__Directions for this task__:
Please keep pictures out and return the lines below exactly, from the one holding "Green color Saree" through the last, both included.

__Information supplied__:
#####
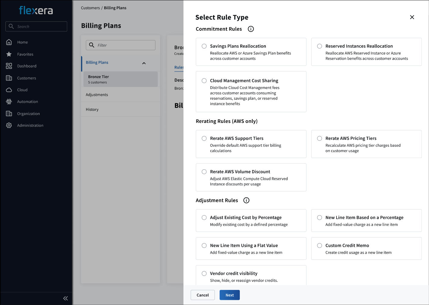 MSPs working across AWS, Azure, and Google Cloud need a way to price services differently for each customer segment while keeping billing consistent and manageable. Billing Plans solve this by grouping customers and applying a shared set of cloud billing rules to them each billing period, with the platform ensuring that every customer can only belong to one plan at a time.
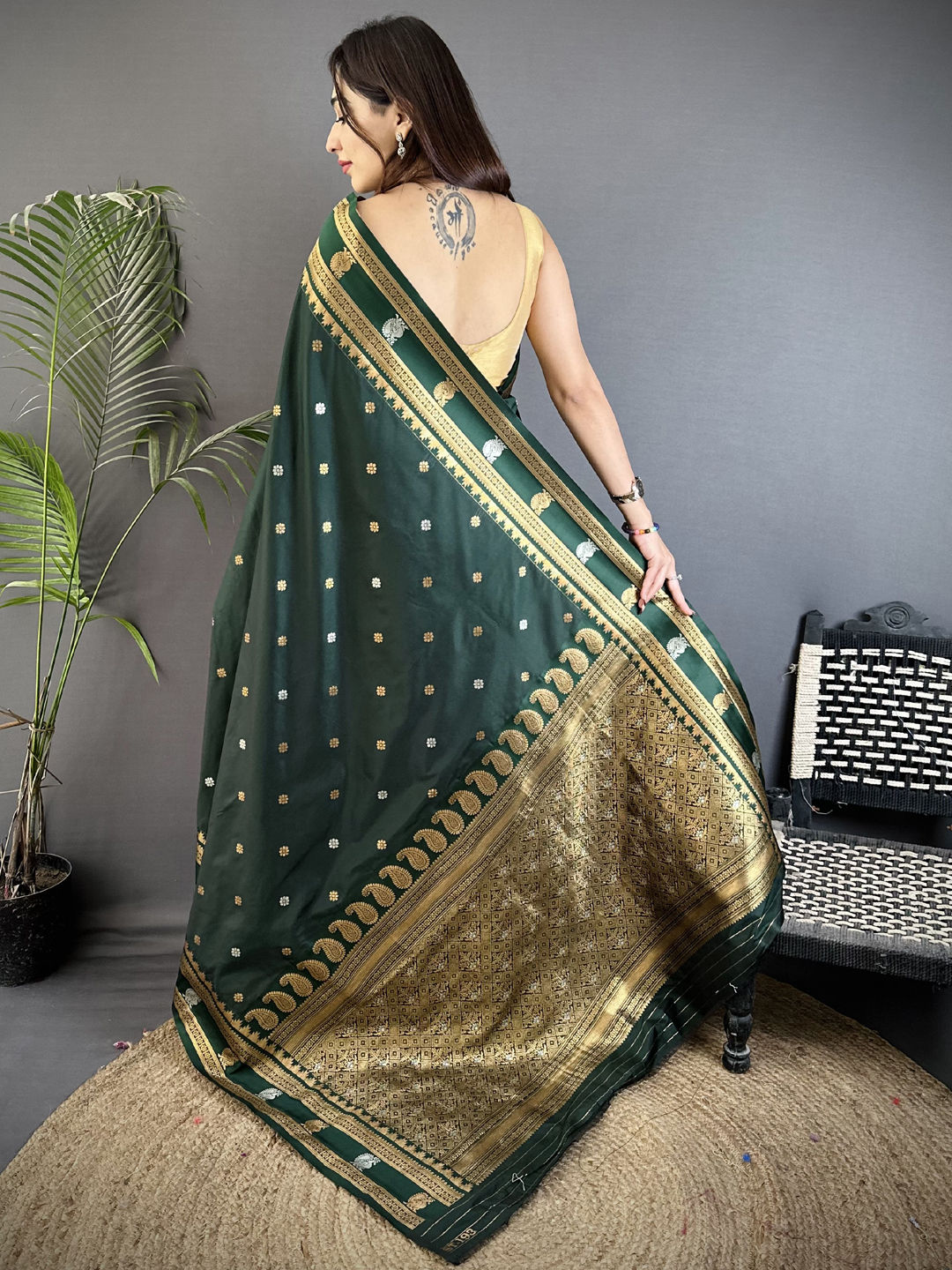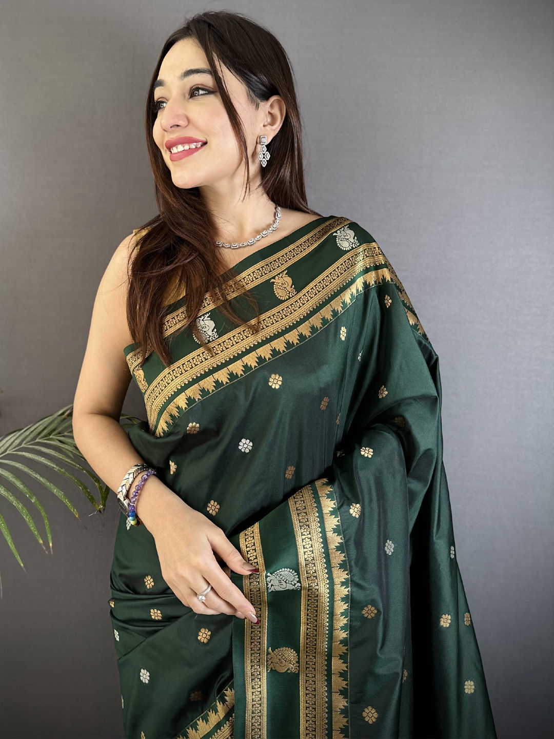 Green color Saree in Banarasi Silk fabric with Weaving work
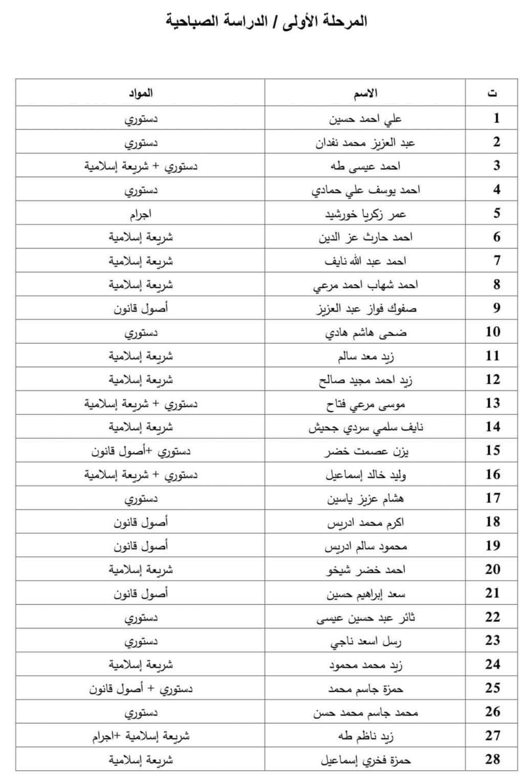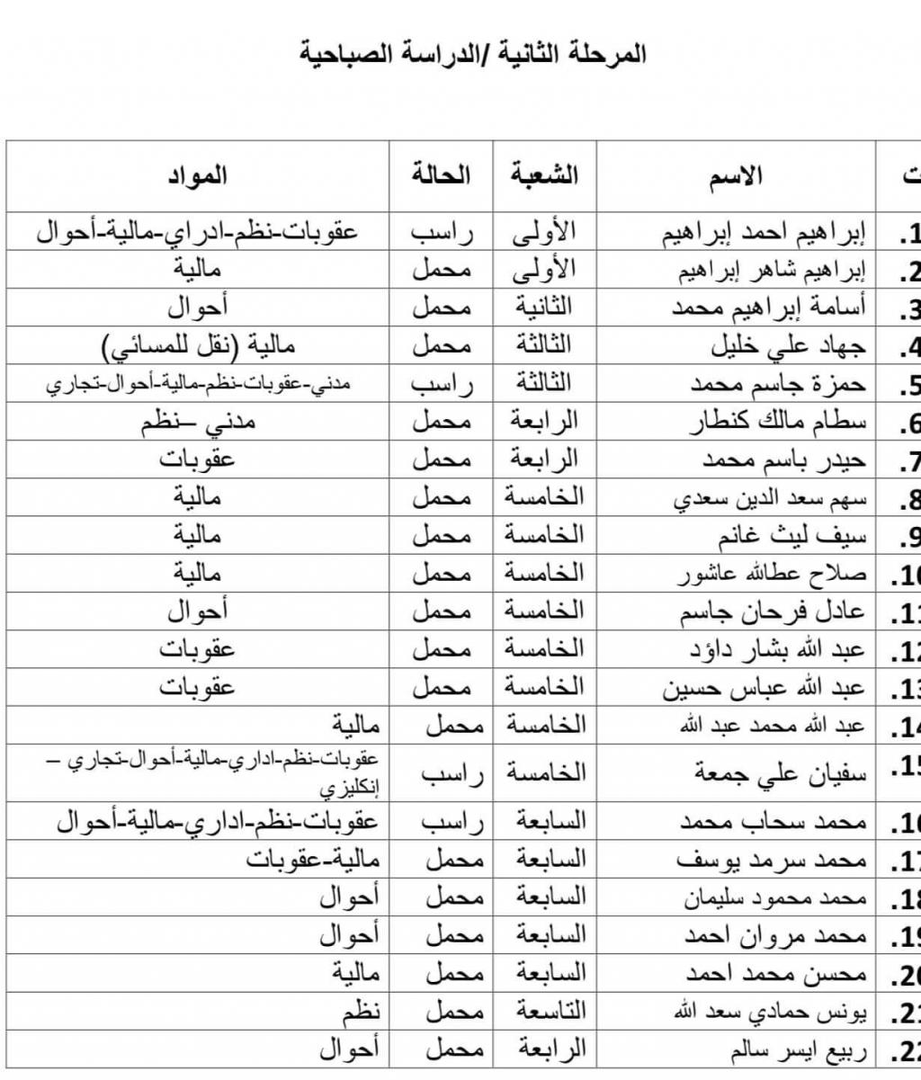 قوائم باسماء الطلبة المشمولين بالامتحانات التكميلية – كلية الحقوق
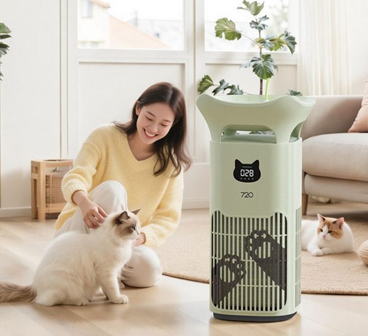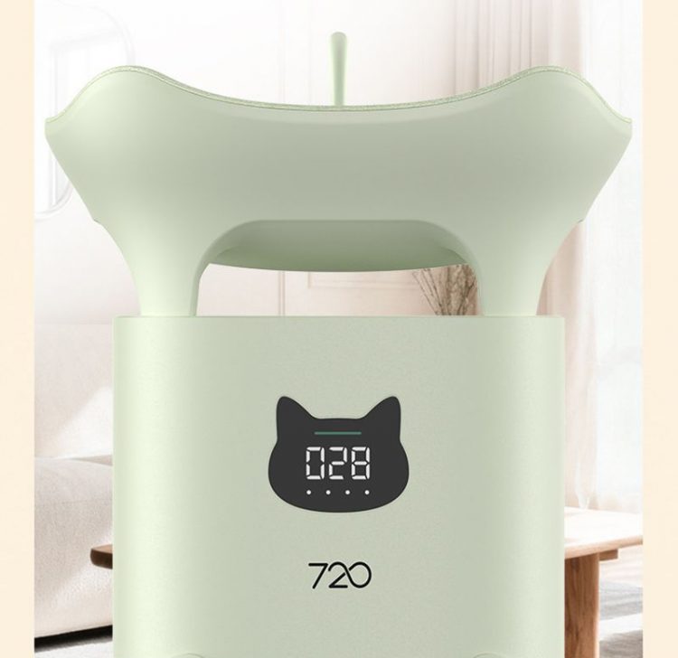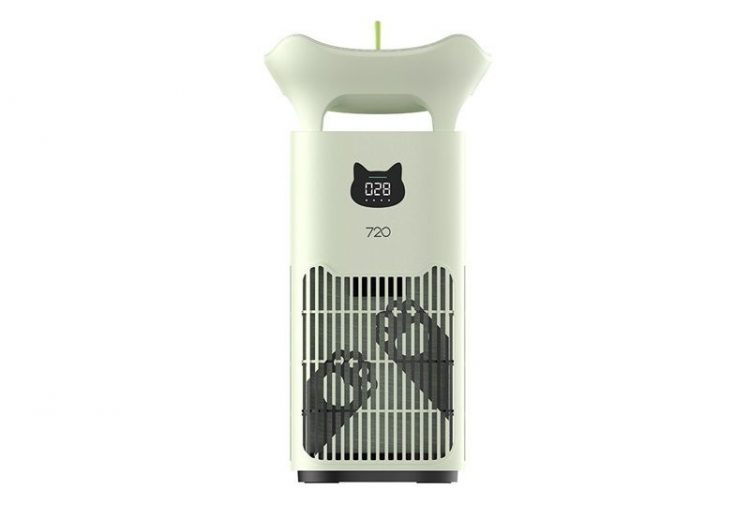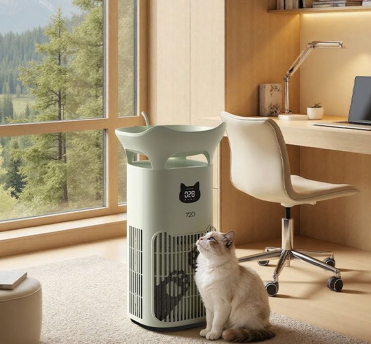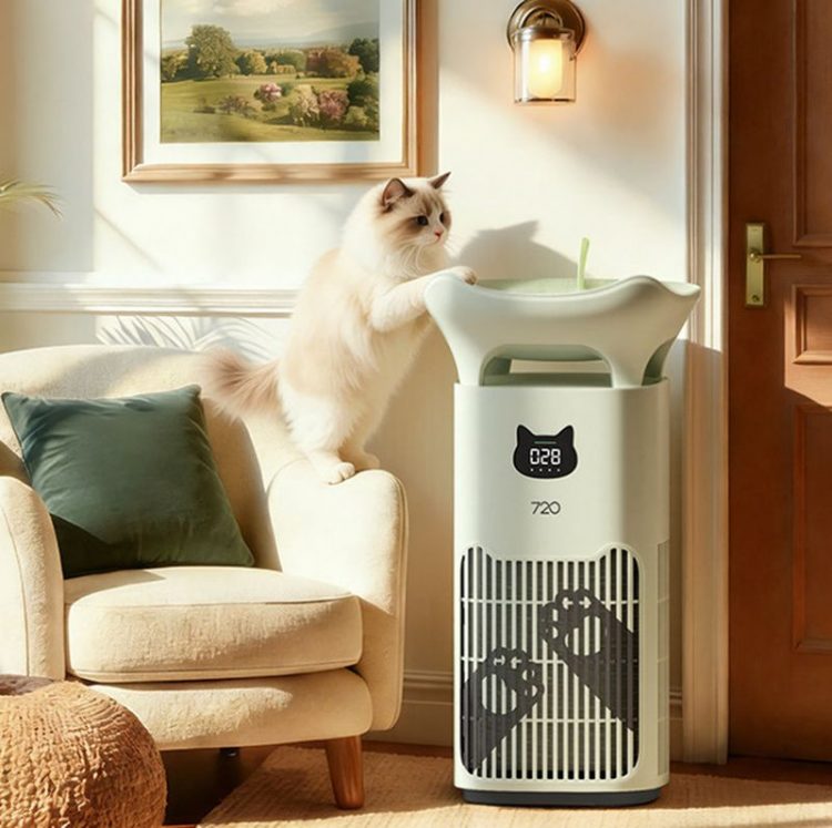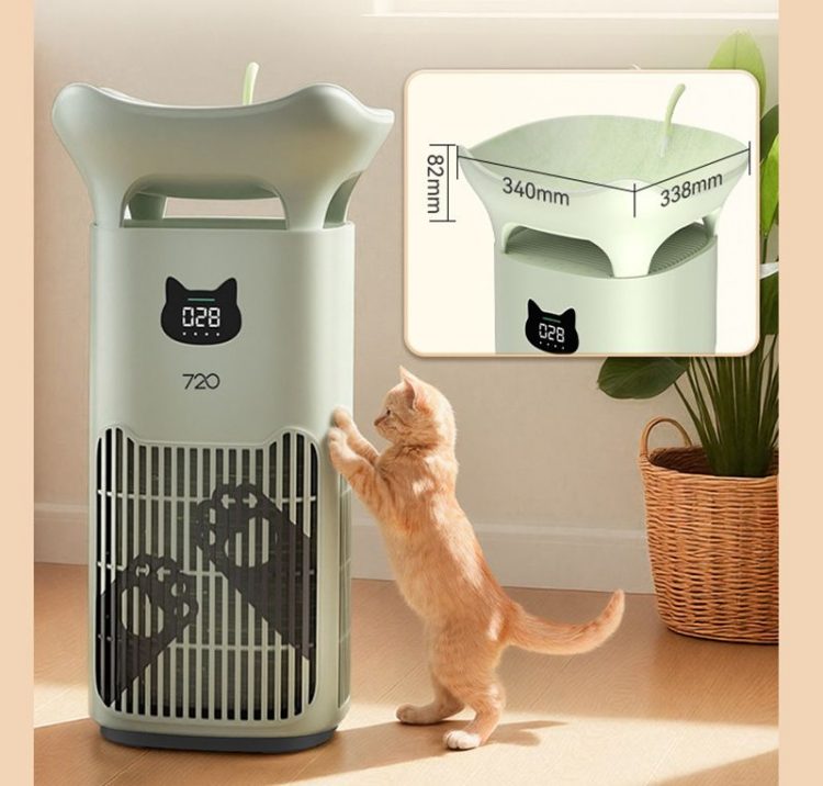 720 P5 宠物空气净化器采用大头喵造型,萌趣外观,顶部猫窝,自带配重防止倾倒,用于吸猫毛、去除过敏原、异味,保证家庭空气清洁。
#####
__Your solution__:
 Green color Saree in Banarasi Silk fabric with Weaving work
 قوائم باسماء الطلبة المشمولين بالامتحانات التكميلية – كلية الحقوق
 720 P5 宠物空气净化器采用大头喵造型,萌趣外观,顶部猫窝,自带配重防止倾倒,用于吸猫毛、去除过敏原、异味,保证家庭空气清洁。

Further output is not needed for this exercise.